Instructions for the task: The copy should begin at the line containing "Abfahrt an der" and end at the last line of the material. Please reproduce those lines exactly and keep pictures out.

Start of Data excerpt

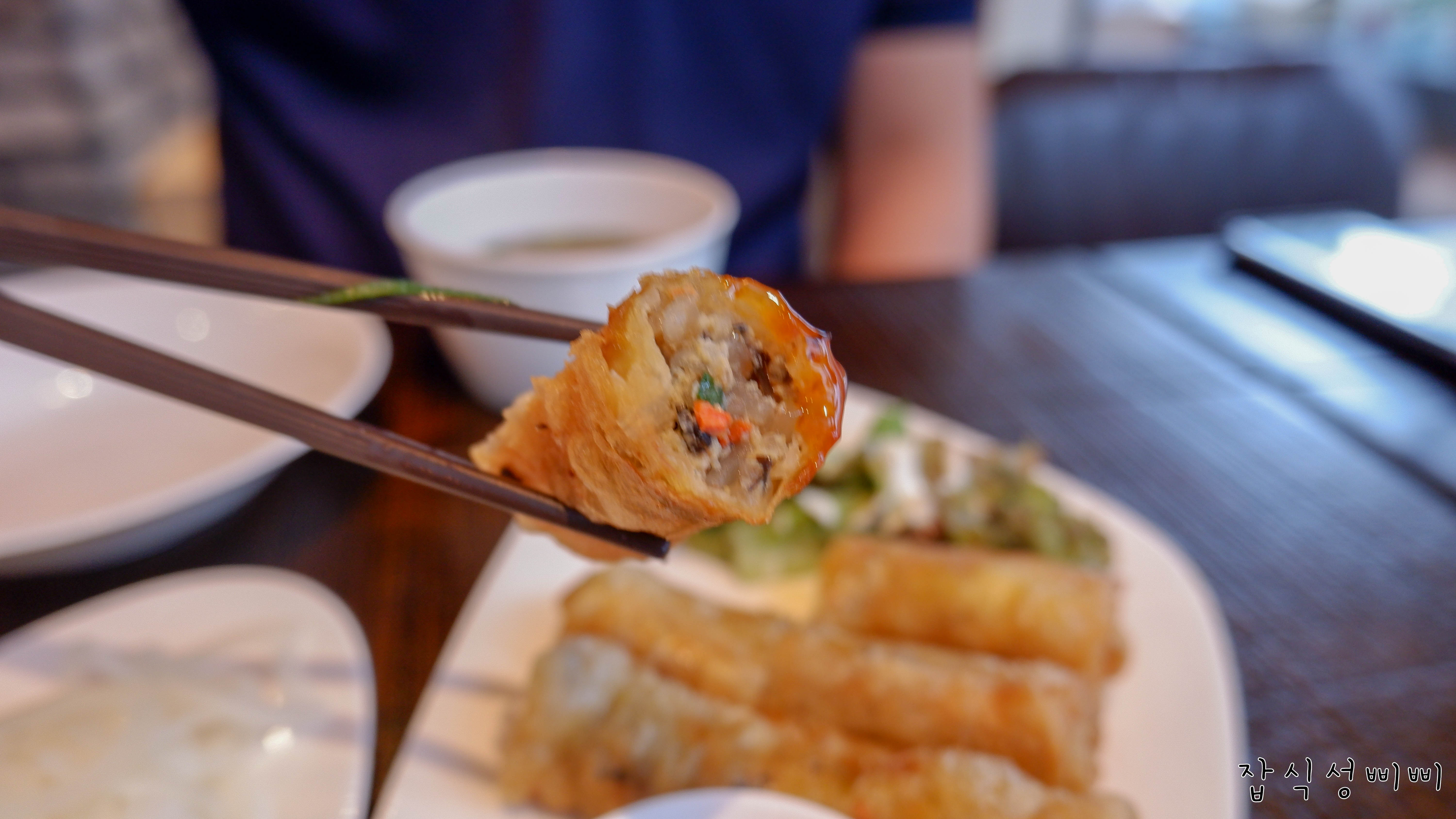 같이 나온 칠리소스에 콕 찍어먹으면 튀김이지만 느끼한 맛은 줄고 바삭바삭 맛있는 식감과 맛만 남는 짜조 :)
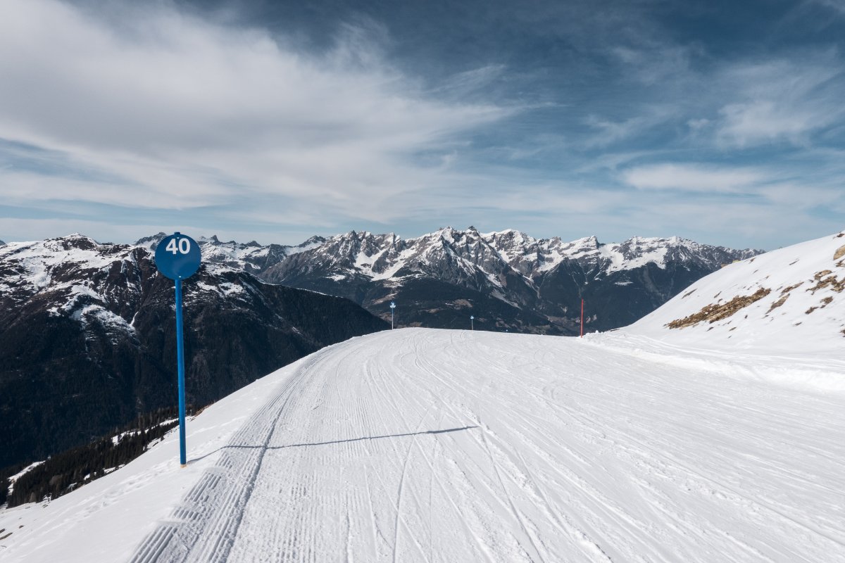 Abfahrt an der Kabinenbahn Furglerblick, März 2025
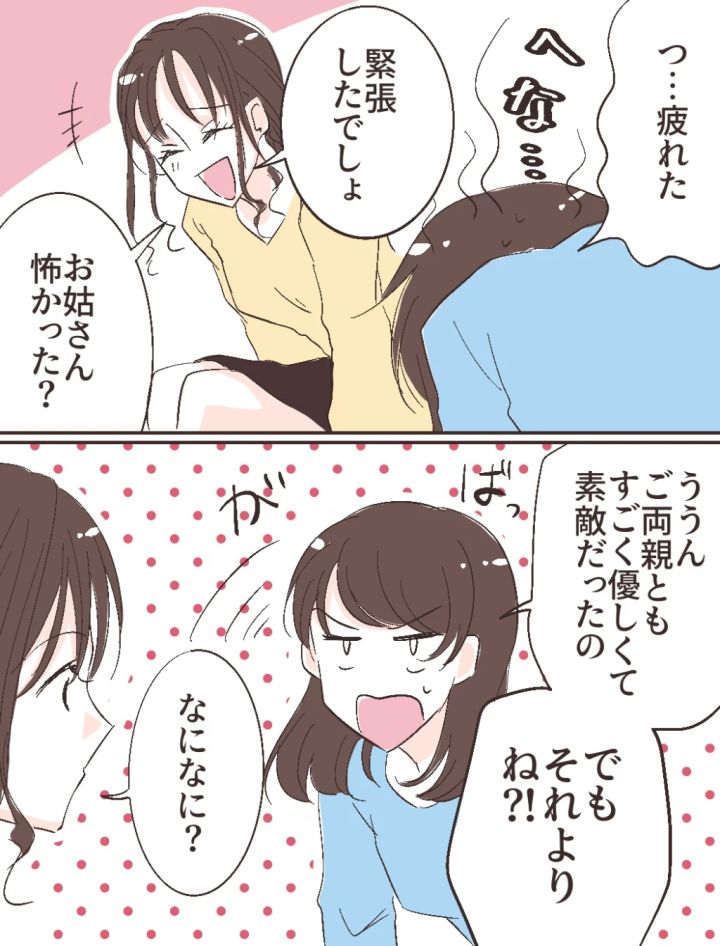 「つ・・疲れた」とソファに倒れ込む私を見て「緊張したでしょ。お姑さん怖かった?」と冗談っぽく笑うふみの。その言葉に、私はがばっと体を起こして「ううん。ご両親ともすごく優しくて素敵だったの。でも、それよりね?!」と切り出しました。ふみのは「なになに?」と興味津々。
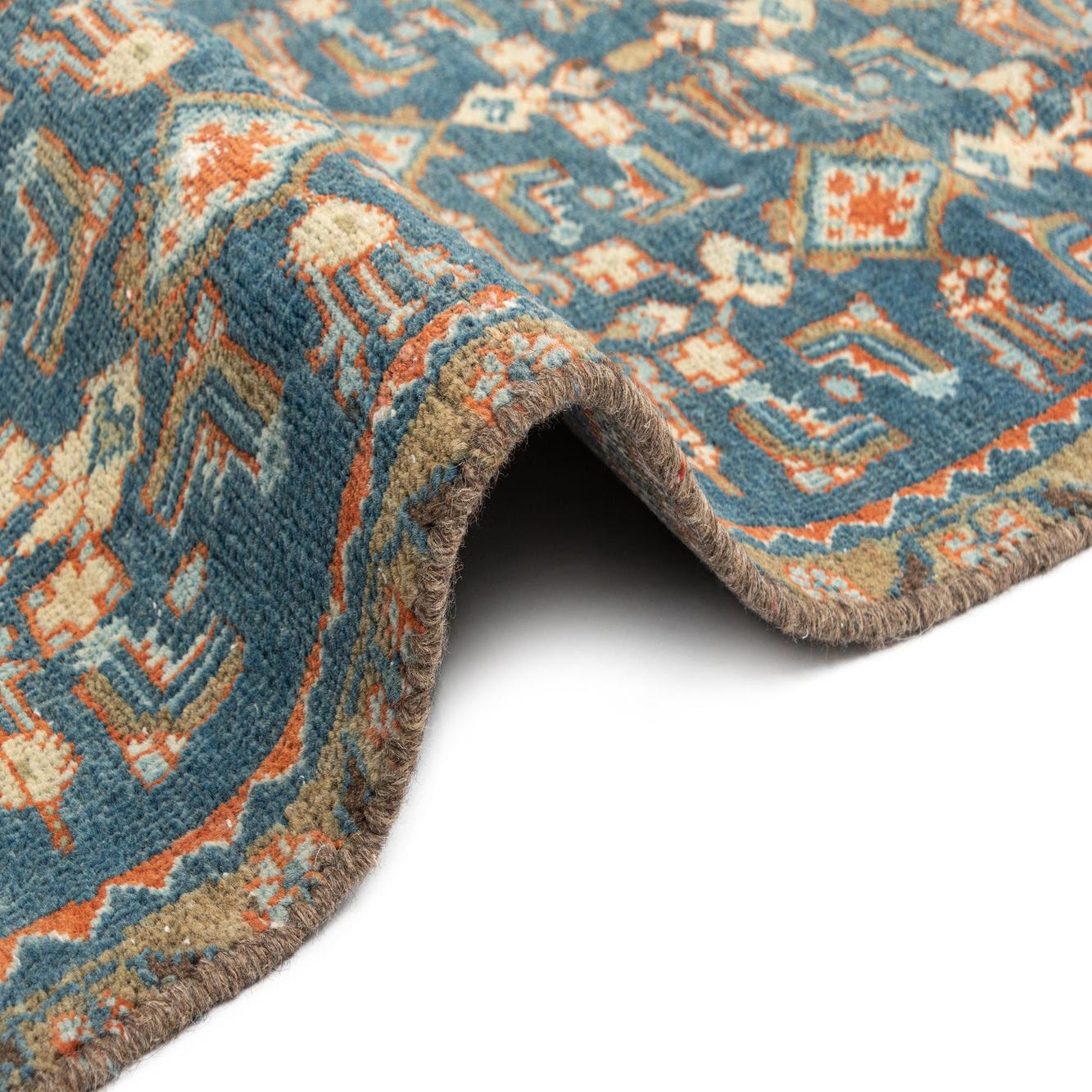 Primary color is Blue. Colors in this rug include: Blue, Blue, Orange, Brown, Cream, Light Blue.

End of Data excerpt

Result of this task:
 Abfahrt an der Kabinenbahn Furglerblick, März 2025
 「つ・・疲れた」とソファに倒れ込む私を見て「緊張したでしょ。お姑さん怖かった?」と冗談っぽく笑うふみの。その言葉に、私はがばっと体を起こして「ううん。ご両親ともすごく優しくて素敵だったの。でも、それよりね?!」と切り出しました。ふみのは「なになに?」と興味津々。
 Primary color is Blue. Colors in this rug include: Blue, Blue, Orange, Brown, Cream, Light Blue.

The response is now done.